There's also the psychological factor. Landing those Smite V crits feels different. You're not just swinging a sword, you're specifically weaponizing holy damage against the undead. It's satisfying in a way that generic Sharpness damage isn't. Some players I know, like the folks running skins from Whatasnipe's and What_Max's combat servers, swear by this advantage. It matters more than you'd think on high-stress PvP servers.
Getting Smite: The Grind
You've got three options.
Option one: Find it in the world. Smite drops from enchanted books in loot chests, librarian trades, and fishing. This is slow but free. Option two: Use an enchanting table. You need level 25+ in XP for a chance at Smite V, and you might burn through dozens of bookshelves before you see it. Option three: Combine enchanted books using anvils. This gets expensive in terms of XP but gives you control.
Most players optimize this by getting a cleric villager to lock in Smite V trades, then buying multiple copies for different weapons. A single book costs around 10-20 emeralds depending on your server economy. That's the meta approach.

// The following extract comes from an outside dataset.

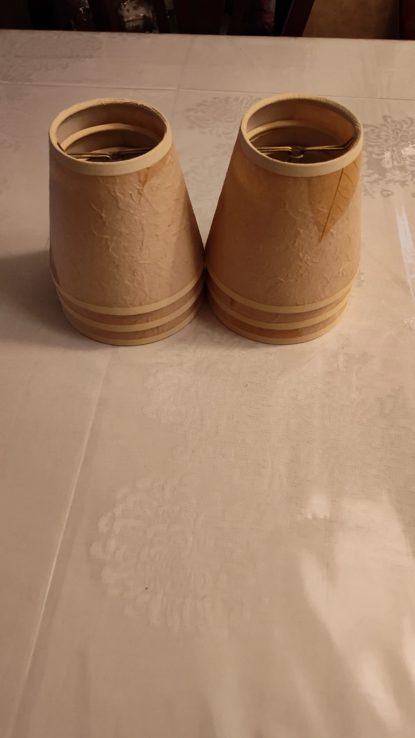 Selling a set of six lamp shades. They have a textured, paper-like finish in a neutral colour, with a leaf design on some of them. Great for adding a warm touch to any room!

Actually, let me correct that real quick. Smite can come from librarians, but the specific Smite books that spawn in the world are rarer than you'd hope. Fishing for enchanted books is notoriously grindy, and unless you're already fishing for other reasons (like mending books), it's not worth it. Just go straight to the villager method.

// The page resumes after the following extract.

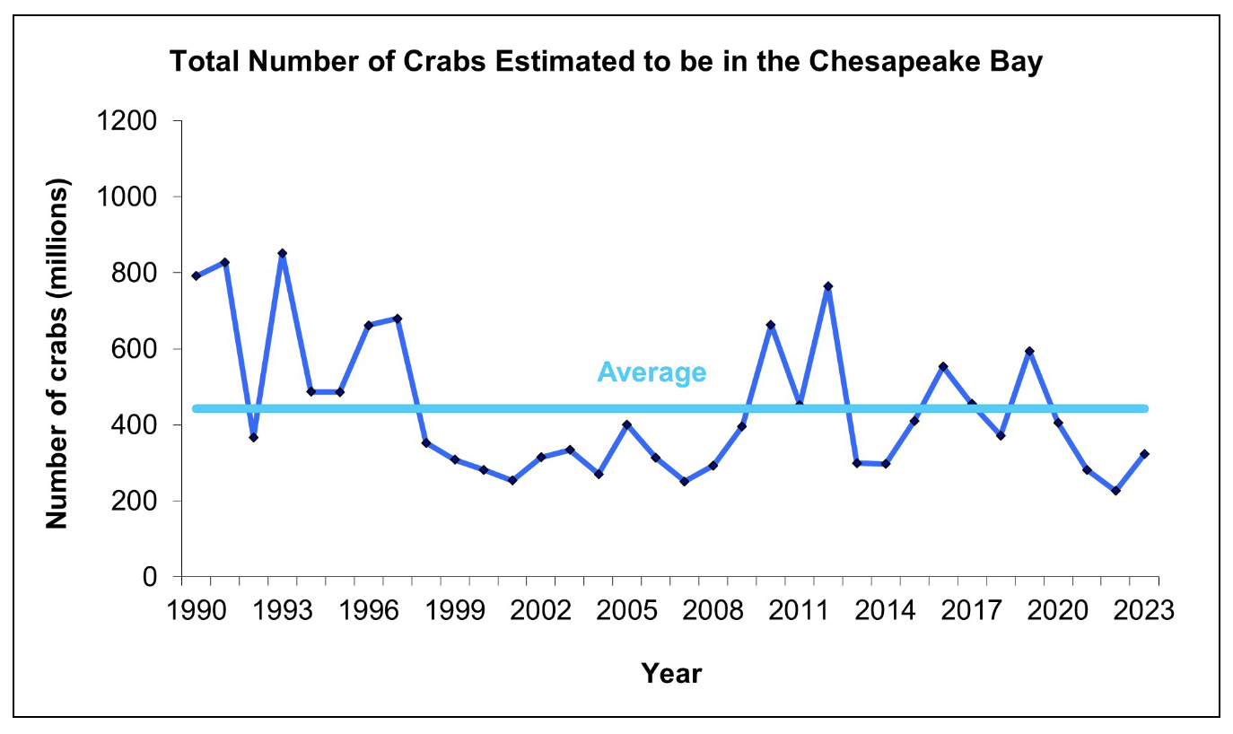 The latest winter blue crab dredge survey, conducted jointly by Maryland and Virginia, was released today, and shows there are an estimated 323 million crabs living in the bay, a 42% increase over last year.

Niche Uses and Weird Interactions
Witches are technically undead in some versions but not in others. This inconsistency has driven more than a few players to forum posts. The Warden isn't undead, so Smite is useless in deep dark biomes. But the drowned? It depends on how that particular server or world handles their classification.
If you're playing on a heavily modded server or using datapacks that redefine mob types, Smite might work differently than you expect. The core game is pretty straightforward, but mods like Better Combat or custom enchantment plugins change the rules entirely. Check your server's documentation before investing in Smite V gear.
Some hardcore players skip Smite entirely and just use Sharpness V on everything. They're not wrong from a purely optimized standpoint. But you'll find dedicated grinders using Smite-specialized loadouts, especially those rocking custom skins like whateverdaniela's, Turbowhat1's, and What's skins on servers with themed combat gear setups. These players aren't optimizing for raw DPS. They're optimizing for specific scenarios, and that's a valid strategy.
The Bottom Line for Your Build
Smite is worth having if you do any serious undead farming or nether work. Keep one Smite V sword in your hotbar. Use Sharpness V for general exploration and combat. Don't overthink it. The enchantment isn't a trap or a dead-end choice, but it's also not universally better than alternatives.
Your gear should match your playstyle. If you're the type who prepares specific loadouts for different tasks, Smite belongs in your arsenal. If you like keeping things simple with one sword that does everything okay, Sharpness is your answer. Either way, you're not making a wrong choice. You're just making a different one.